Volume of distribution may be increased by renal failure (due to fluid retention) and liver failure (due to altered body fluid and plasma protein binding). Conversely it may be decreased in dehydration.

The initial volume of distribution describes blood concentrations prior to attaining the apparent volume of distribution and uses the same formula.

Equations

The volume of distribution is given by the following equation:

${V_{{D}}}={\frac {{\mathrm {total\ amount\ of\ drug\ in\ the\ body}}}{{\mathrm {drug\ blood\ plasma\ concentration}}}}$

Therefore the dose required to give a certain plasma concentration can be determined if the V_D for that drug is known. The V_D is not a physiologic value; it is more a reflection of how a drug will distribute throughout the body depending on several physicochemical properties, e.g. solubility, charge, size, etc.

The units for Volume of Distribution are typically reported in (ml or liter)/kg body weight.

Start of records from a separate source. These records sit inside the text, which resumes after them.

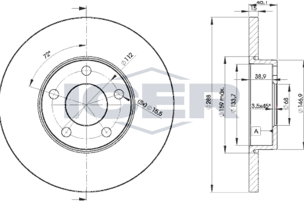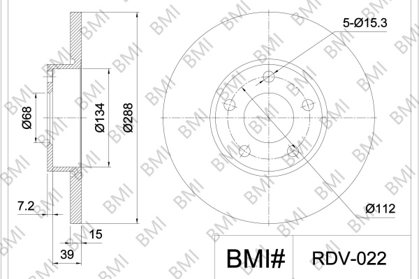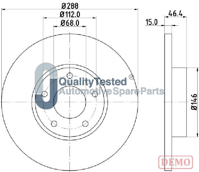 брой на дупките: 5вид на спирачния диск: плътенвисочина: 46,2mmвъншен диаметър: 288mmдебелина на спирачния диск: 15mmОтвор Ø: 15mmДиаметър на кръговата стъпка Ø: 112mmмин. дебелина: 13mmстрана на монтаж: предна осцентриращ диаметър: 68mm
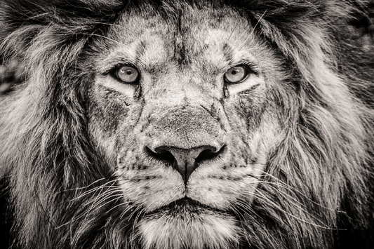 Lion face Closeup B&W Photograph Print 100% Australian Made
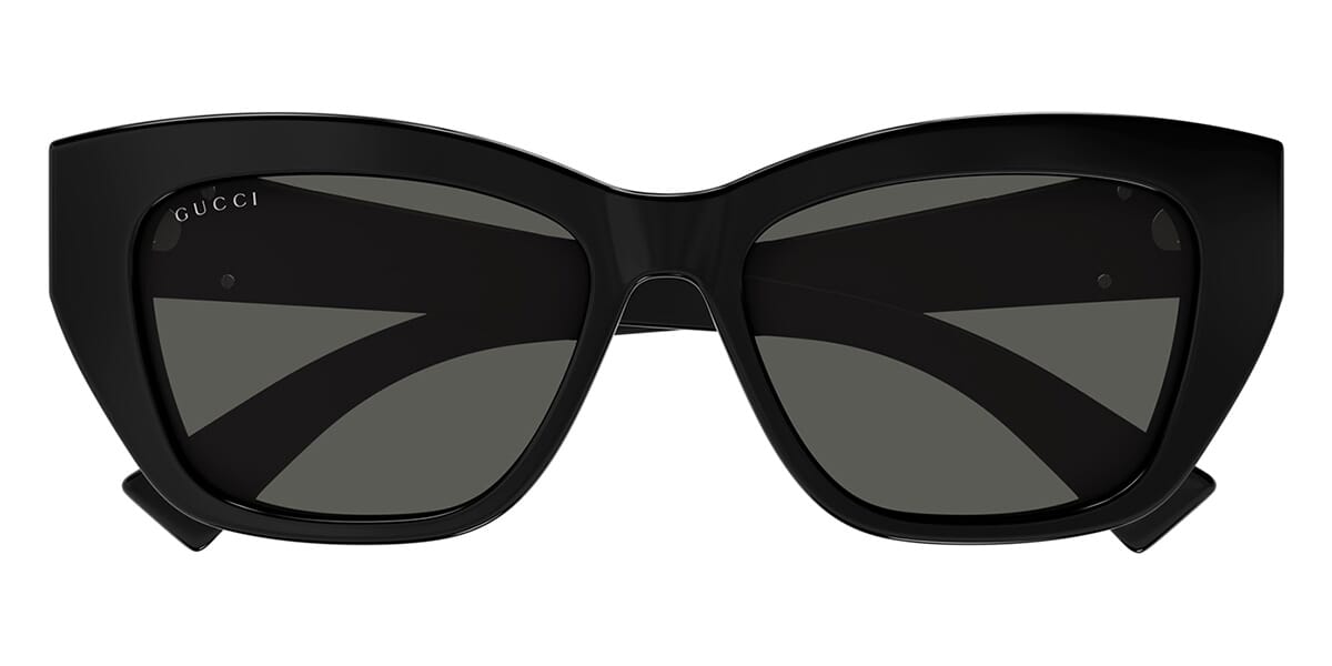 This cat eye Gucci sunglass comes in a black frame with grey lenses.

The fact that V_D is a ratio of a theoretical volume to a fixed unit of body weight explains why the V_D for children is typically higher than that for adults, even though children are smaller and weigh less. As body composition changes with age, V_D decreases.

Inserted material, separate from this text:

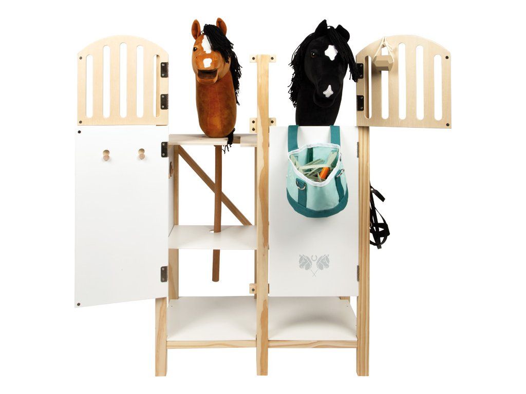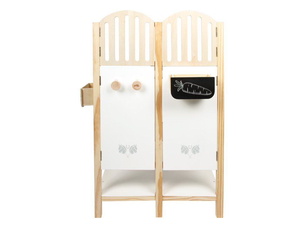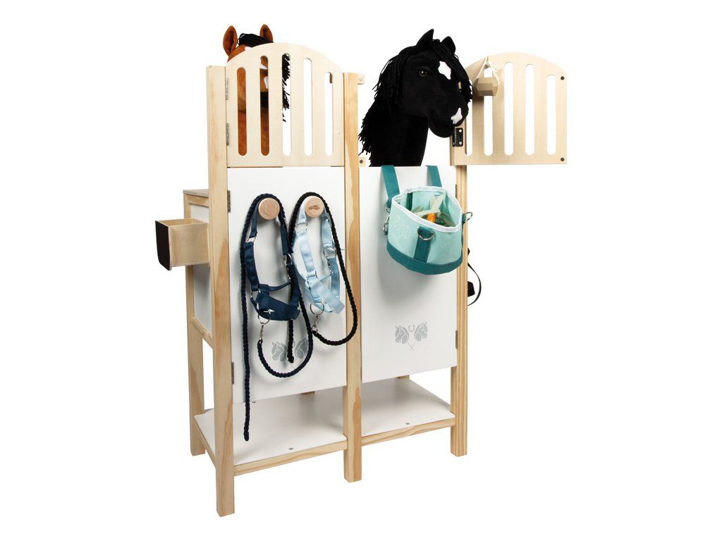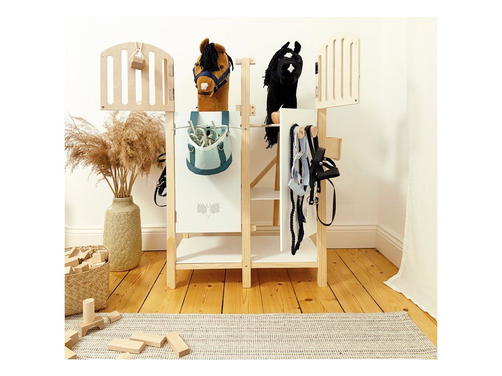 Tato detailně propracovaná stáj pro hobby koně z odolného dřeva nabízí prostor pro dva koníky a zaujme promyšlenými prvky, které přinášejí realistický zážitek ze hry. Odnímatelné krmné žlaby mají povrch vhodný pro psaní křídou, takže je lze využít i jako jmenovky boxů. Držáky na uzdu jsou variabilní – lze je umístit dopředu, na bok nebo je vyměnit s krmnými žlaby podle potřeby. Dveře i okna jsou vybaveny magnetickým zavíráním a dají se samostatně otevírat, což dodává hře na autentičnosti. Držák pro hobby koně se 2 výškovými polohami umožňuje, aby koník vykukoval z okna nebo stál uvnitř boxu. Spodní police poskytuje dostatek úložného prostoru pro ohlávky, potřeby na péči nebo pamlsky, takže je vše přehledně uložené a po ruce. S touto stájí se dětský pokoj promění v malou jízdárnu. Podporuje kreativní hraní rolí zaměřené na péči o koně, ježdění i každodenní život ve stáji.

The V_D may also be used to determine how readily a drug will displace into the body tissue compartments relative to the blood:

${V_{{D}}}={V_{{P}}}+{V_{{T}}}\left({\frac {fu}{fu_{{t}}}}\right)$

Where:

V_P = plasma volume

V_T = apparent tissue volume

fu = fraction unbound in plasma

fu_T = fraction unbound in tissue

Examples

Main article: Table of volume of distribution for drugs

If you administer a dose D of a drug intravenously in one go (IV-bolus), you would naturally expect it to have an immediate blood concentration $C_{0}$ which directly corresponds to the amount of blood contained in the body $V_{{blood}}$ . Mathematically this would be:

$C_{0}=D/V_{{blood}}$

But this is generally not what happens. Instead you observe that the drug has distributed out into some other volume (read organs/tissue). So probably the first question you want to ask is: how much of the drug is no longer in the blood stream? The volume of distribution $V_{D}$ quantifies just that by specifying how big a volume you would need in order to observe the blood concentration actually measured.

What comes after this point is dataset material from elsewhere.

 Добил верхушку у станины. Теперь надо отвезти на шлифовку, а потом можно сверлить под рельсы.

A practical example for a simple case (mono-compartmental) would be to administer D=8 mg/kg to a human. A human has a blood volume of around $V_{{blood}}=$ 0.08 l/kg .^[3] This gives a $C_{0}=$ 100 µg/ml if the drug stays in the blood stream only, and thus its volume of distribution is the same as $V_{{blood}}$ that is $V_{D}=$ 0.08 l/kg. If the drug distributes into all body water the volume of distribution would increase to approximately $V_{D}=$ 0.57 l/kg ^[4]

If the drug readily diffuses into the body fat the volume of distribution may increase dramatically, an example is chloroquine which has a $V_{D}=$ 250-302 l/kg ^[5]

In the simple mono-compartmental case the volume of distribution is defined as: $V_{D}=D/C_{0}$ , where the $C_{0}$ in practice is an extrapolated concentration at time=0 from the first early plasma concentrations after an IV-bolus administration (generally taken around 5min - 30min after giving the drug).

Drug	V_D	Comments
Warfarin	8L	Reflects a high degree of plasma protein binding.
Theophylline, Ethanol	30L	Represents distribution in total body water.
Chloroquine	15000L	Shows highly lipophilic molecules which sequester into total body fat.
NXY-059	8L	Highly-charged hydrophilic molecule.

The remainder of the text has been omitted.